# Matagorda seafood fest march 16



## mataoyster (Apr 25, 2011)

Come to Matagorda on Saturday, March 16 to the 3rd Annual Seafood Fest!!! What a great time to have it too...SPRING BREAK!! We have over 40 vendors to shop at, FRESH Matagorda oysters and shrimp served from 11:30 - 4. Horseshoe contest ( entry $25/person ), men's and women's oyster eating contest ( entery $20/person ), oyster shucking contest ($10/person ) come on and show your skills off!! Live auction that you don't want to miss, raffle drawing and LIVE music all day. OH.... And did I forget to mention BEER!!!!!!!!!! :cheers: COME ON... GATES OPEN AT 10 am. $5 ADMISSION UNLESS YOU PURCHASE A FOOD TICKET FOR $15 AT THE GATE OR IN ADVANCE.


----------



## Roofish (Jun 28, 2008)

How much to eat oysters & shrimp??? Is the $15 for all you can eat or what????


----------



## chumy (Jul 13, 2012)

Roofish said:


> How much to eat oysters & shrimp??? Is the $15 for all you can eat or what????
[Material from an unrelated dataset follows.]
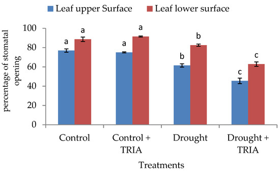 Effect of TRIA (35 ppm) treatment on percentage of stomatal openings on both the upper and lower surface of leaves of drought-stressed rice. Each value is the mean of three replicates ± SE. Columns with different letters are significantly different at p ≤ 0.05.
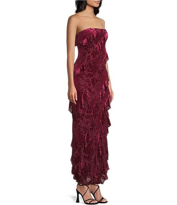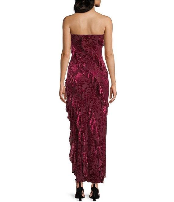 Allison & Kelly Strapless Burnout Asymmetrical Ruffle Dress

I highly doubt $15 is all you can eat. I don't know. what i'd like to know also is what are the beer prices?


----------



## big bluemarlin (Apr 12, 2006)

It's not all you can eat unless you enter the oyster eating contest for $20 with a time limit of 5 minutes. At $15 a plate most people can't eat all the food, and if you like raw oyster they are 3 oysters on the half shell for $2 ticket. The beers are 16 oz. cans and cost one $3 ticket.


----------



## chumy (Jul 13, 2012)

Those are reasonable prices. I'll be there!!!


----------